Gegenstromvergaser neu interpretiert

Die „ReGaWatt“ hat eine bewährte Technik, einen Gegenstromvergaser, weiterentwickelt − hin zu mehr Flexibilität. Diese Technik könnte eine sinnvolle Ergänzung für KWK-Anlagen sein.  
Das Grundprinzip eines Gegenstromgaserzeugers ist nicht neu. Frühe Formen von Gaserzeugern wurden bereits vor mehr als 100 Jahren in der Stadtgasproduktion verwendet. Bei diesen Anwendungen wurde Holz oder Kohle in Gaserzeugern erhitzt, um Synthesegas herzustellen. Die „ReGaWatt GmbH“ hat die alte Technologie in den vergangenen Jahren weiterentwickelt hin zu einem neuen hochflexiblen und effizienten „Kombi Power System“. 
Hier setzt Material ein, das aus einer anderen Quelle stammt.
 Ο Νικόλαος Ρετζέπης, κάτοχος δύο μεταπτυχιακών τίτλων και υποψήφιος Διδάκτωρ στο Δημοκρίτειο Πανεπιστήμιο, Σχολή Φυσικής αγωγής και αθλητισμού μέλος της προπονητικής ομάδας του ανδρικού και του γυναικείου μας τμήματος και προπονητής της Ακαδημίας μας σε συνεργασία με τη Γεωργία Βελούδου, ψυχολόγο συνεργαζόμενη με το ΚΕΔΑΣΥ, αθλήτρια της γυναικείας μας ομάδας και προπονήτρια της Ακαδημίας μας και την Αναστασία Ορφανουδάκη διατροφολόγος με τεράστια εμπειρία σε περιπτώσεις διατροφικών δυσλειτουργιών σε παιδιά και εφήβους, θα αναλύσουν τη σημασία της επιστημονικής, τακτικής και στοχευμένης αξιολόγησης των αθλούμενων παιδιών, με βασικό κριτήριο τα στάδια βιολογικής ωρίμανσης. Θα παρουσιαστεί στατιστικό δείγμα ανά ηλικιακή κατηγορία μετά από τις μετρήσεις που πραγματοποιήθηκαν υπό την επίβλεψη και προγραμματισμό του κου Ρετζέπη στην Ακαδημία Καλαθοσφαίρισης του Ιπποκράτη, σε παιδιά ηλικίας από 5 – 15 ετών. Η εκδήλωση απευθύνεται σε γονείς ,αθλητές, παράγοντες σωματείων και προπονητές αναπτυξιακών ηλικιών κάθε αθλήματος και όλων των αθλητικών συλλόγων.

„Im Jahr 2010 haben wir Regawatt als Spinn-off von Gammel Engineering gegründet“, erzählt Geschäftsführer Klaus Röhrmoser im Gespräch mit E&M. Damals begannen er und sein Team das Kombi Power System zu entwickeln, dessen Herzstück ein optimierter Gegenstromvergaser ist. Zuvor hatte es bereits bei Gammel Engineering Vorentwicklungen gegeben. „Gegenstromvergaser sind zwar im Prinzip eine bekannte und einfache Technologie. Aber wir haben quasi trotzdem jede Komponente vom Rührarm über die Kühlung bis hin zu den Filtern optimiert“, sagt Röhrmoser. Die ersten Versuchsanlagen entstanden in Deutschland. 

Mittlerweile hat Regawatt mit Sitz im bayerischen Abensberg das über die vergangenen Jahre aufgebaute Know-how zur Aufbereitung des Synthesegases und Nutzung mit unterschiedlichsten Technologien erfolgreich in der praktischen Anwendung: von der Erzeugung von Hochtemperaturprozesswärme in der Industrie über den Einsatz in Blockheizkraftwerken bis hin zur Grün-Wasserstoffproduktion.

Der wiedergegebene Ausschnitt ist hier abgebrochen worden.